Aux Deux-Alpes, un nouveau téléphérique colossal pour prolonger la « fuite en avant » de l’économie du ski

Le Jandri 3S, nouveau téléphérique des Deux-Alpes (Isère), le 1ᵉʳ décembre 2024.

Samedi 7 décembre, alors que le diocèse de Paris rouvre Notre-Dame, Fabrice Boutet a lui aussi le sentiment d’étrenner sa propre « cathédrale », plaisante-t-il. Le directeur général de SATA Group, la société d’économie mixte qui exploite le domaine skiable des Deux-Alpes (Isère), voit l’achèvement d’un chantier hors norme : celui du Jandri 3S, un téléphérique à 148 millions d’euros, le plus cher de l’histoire des Alpes. Une fabrication presque à 100 % française, réalisée par la société Poma.

Samedi matin, les télécabines ont pris leur envol depuis la station, à 1 600 mètres, convoyant les skieurs jusqu’à 3 200 mètres en dix-sept minutes. Un accès express pour un trajet de 6,4 kilomètres : le téléphérique précédent mettait quarante minutes pour cette même ascension. Il a surtout une capacité doublée, pouvant déverser 3 000 skieurs par heure au sommet du domaine.

Ce téléphérique, c’est tout un symbole : celui de la poursuite d’investissements colossaux dans l’industrie du ski, dans une station où les prévisions d’enneigement pour les prochaines années sont moins pessimistes qu’ailleurs. Il faut dire que les Deux-Alpes, avec leurs 200 kilomètres de pistes, sont considérées comme le domaine le plus élevé de France, avec un point culminant à 3 600 mètres. Alors que, parmi les 250 stations de ski de France, seules « quelques-unes » peuvent espérer poursuivre une exploitation « au-delà de 2050 », comme le rappelait la Cour des comptes dans un rapport publié en février sur l’avenir des stations de ski, les Deux-Alpes figurent dans ce club fermé.

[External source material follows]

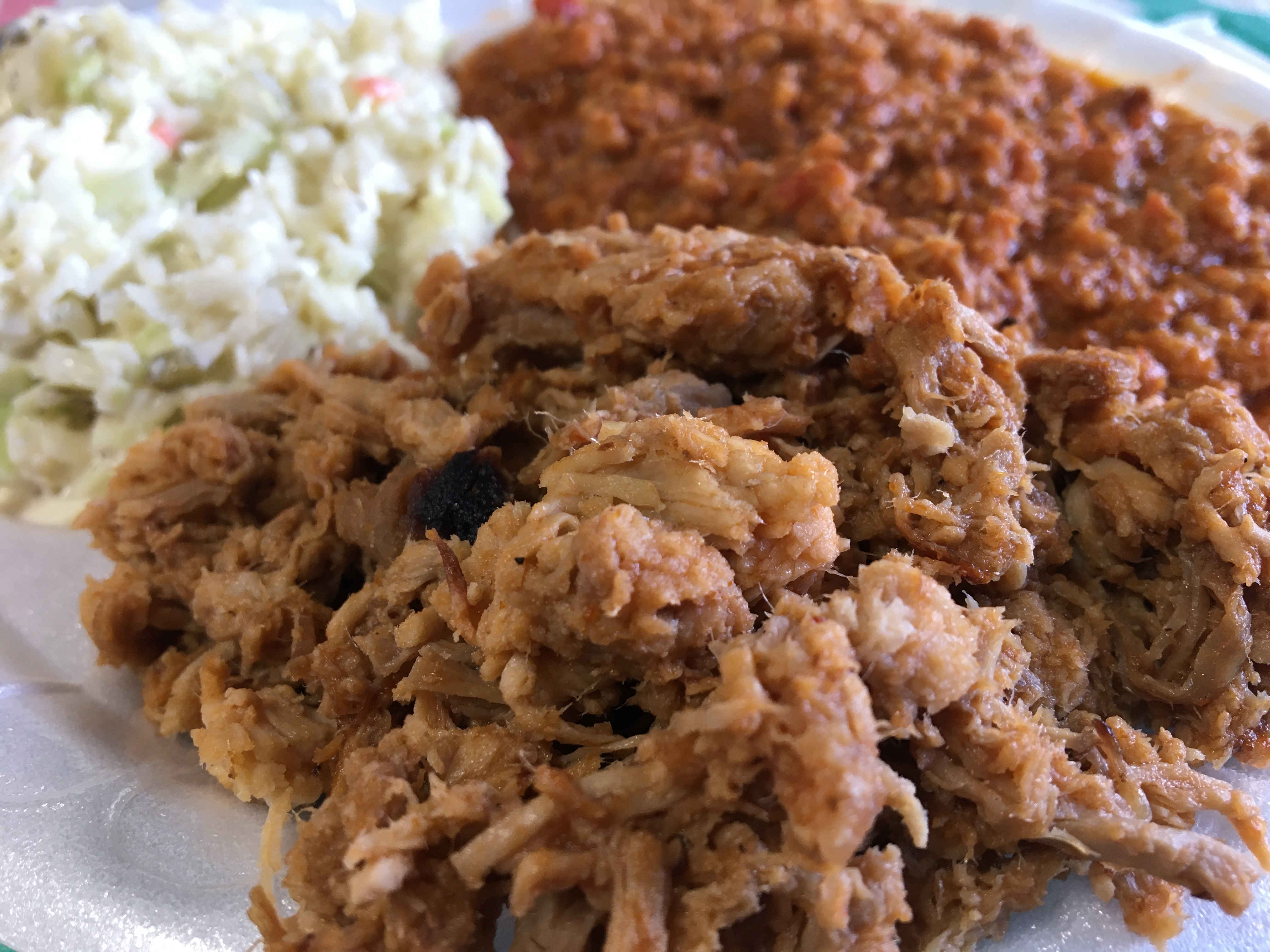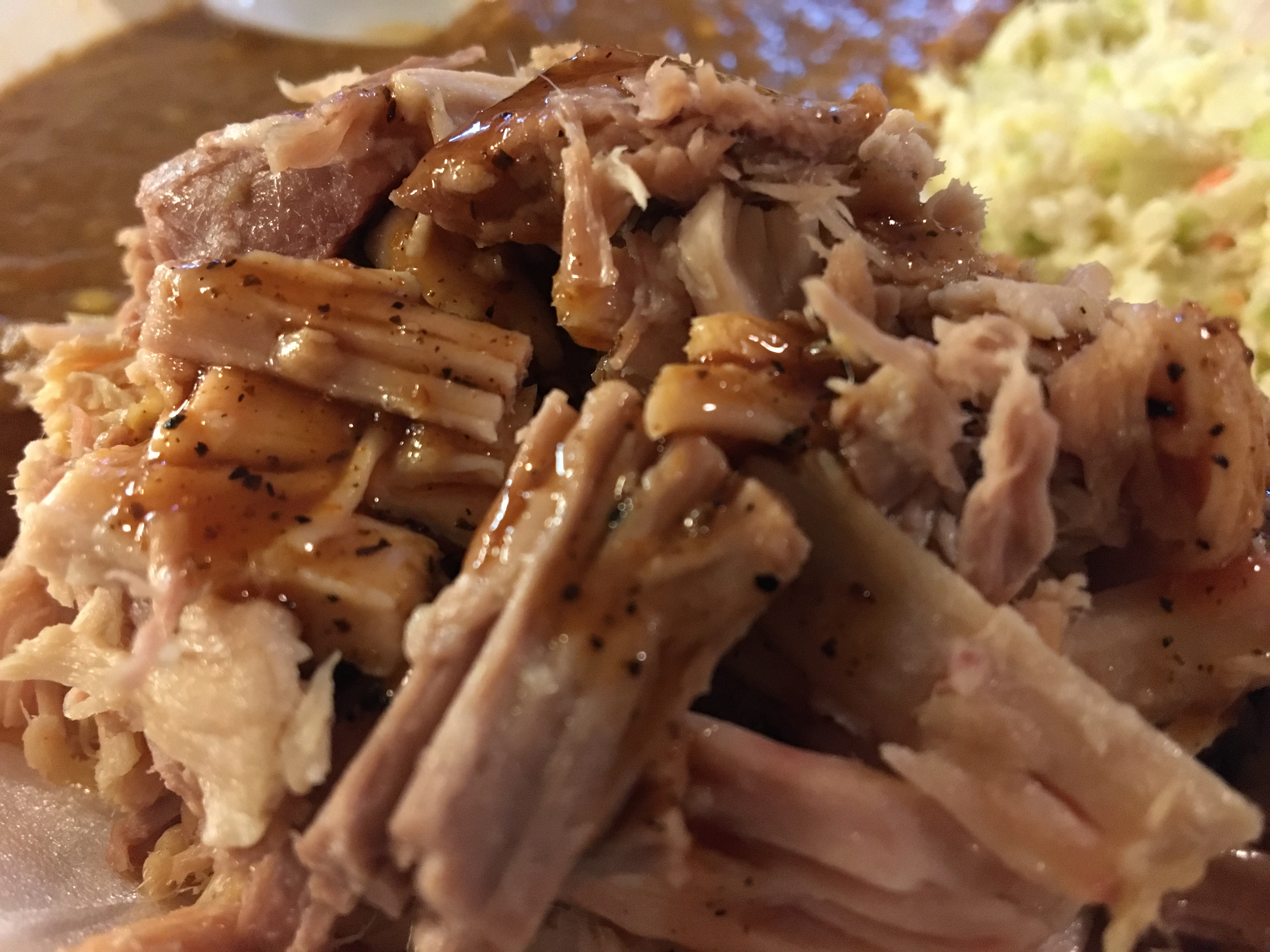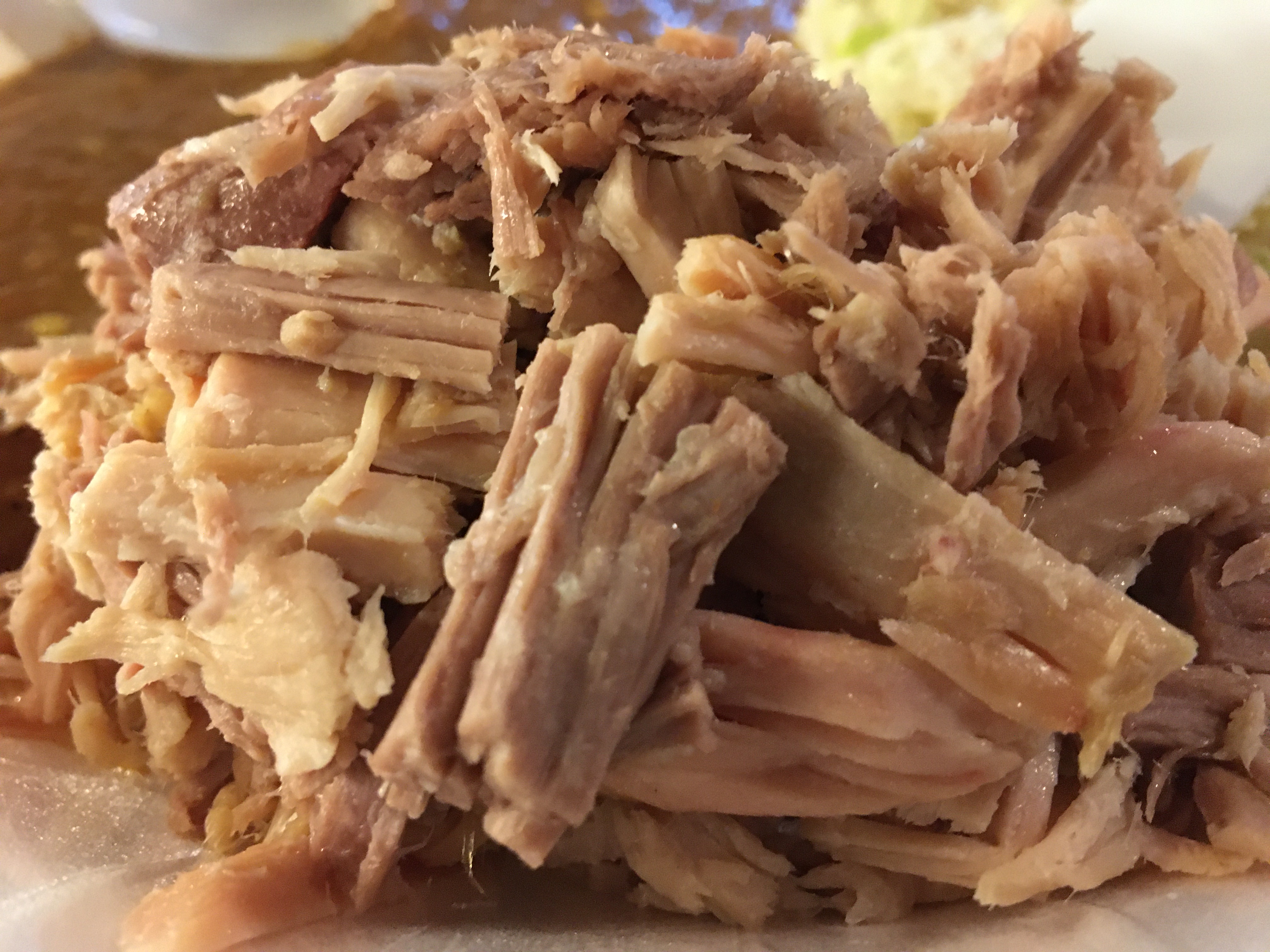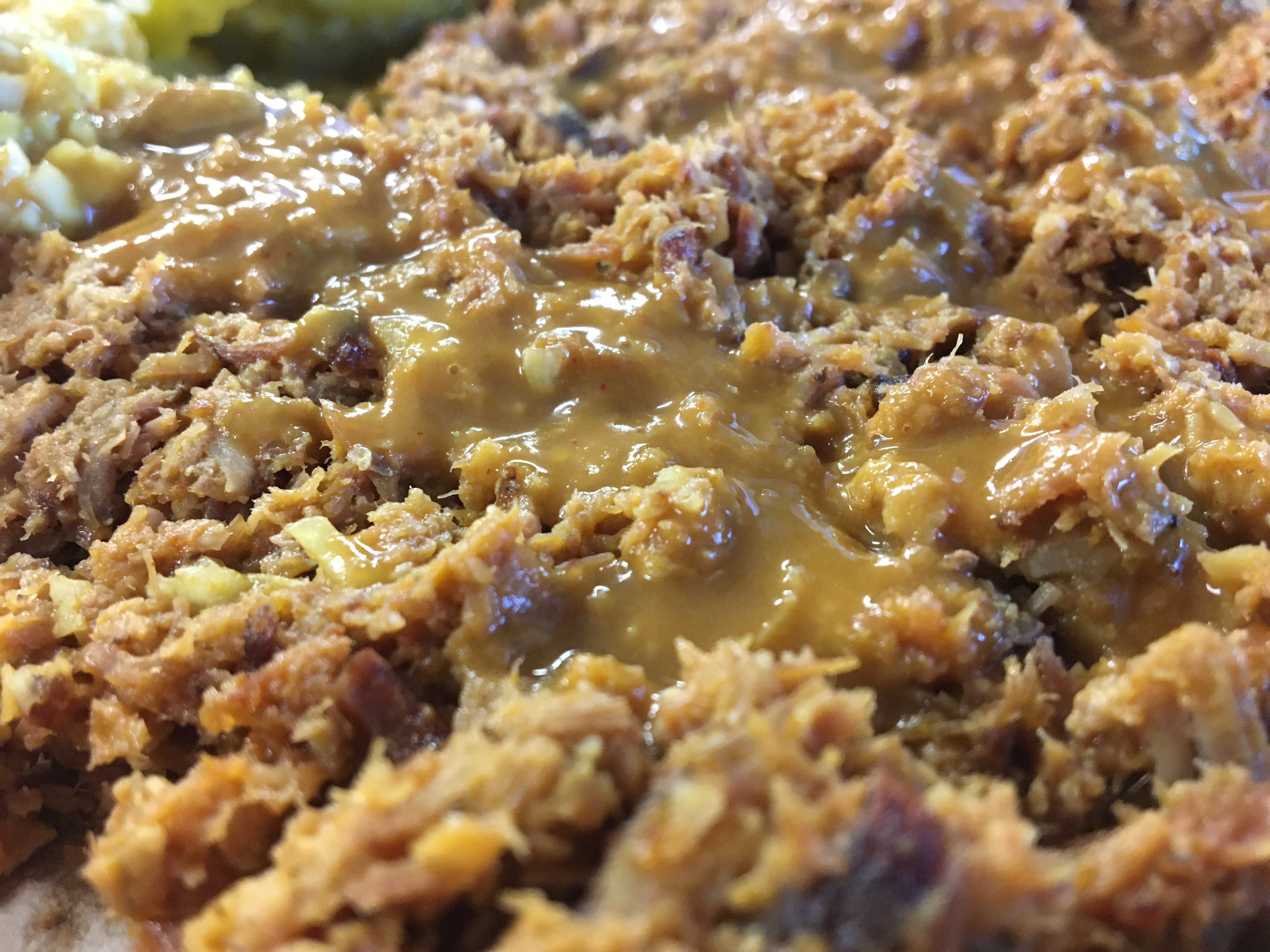 And chipped pork looks like this. It’s very finely shredded and the brown-orange sauce is poured over the top. Add mustard slaw and pickles for a fine meal.

Aussi, malgré le changement climatique qui affecte son glacier, SATA Group espère rentabiliser ce téléphérique sur une quarantaine d’années. « Peut-être que d’ici là, le bas des pistes ne sera plus à 1 600 mètres, mais à 2 100 mètres. On s’y prépare. Cela ne nous empêche pas d’avoir de belles années devant nous », expose M. Boutet. Profiter du ski jusqu’au bout : le domaine des Deux-Alpes n’est pas le seul à suivre cette voie étroite. « Toute une série de stations d’altitude investissent en ce moment dans des équipements qui les projettent sur trente ans », remarque Fabien Felli, le président de Poma – une société où le chiffre d’affaires « montagne » reste important (40 %), même si c’est dans les téléphériques urbains que se trouvent ses vraies perspectives de croissance dans le monde, reconnaît-il.

Cette situation géographique donne aux Deux-Alpes un privilège : celui de pouvoir récupérer, à l’avenir, une partie du public des stations plus basses et moins enneigées, amenées à fermer. Ce report a déjà commencé. Depuis 2019, la station est ainsi passée de 1,2 à 1,4 million de « journées skieurs » par an… Alors qu’au global la fréquentation des stations de ski de France décroît depuis la décennie 2010, selon les données de Domaines skiables de France.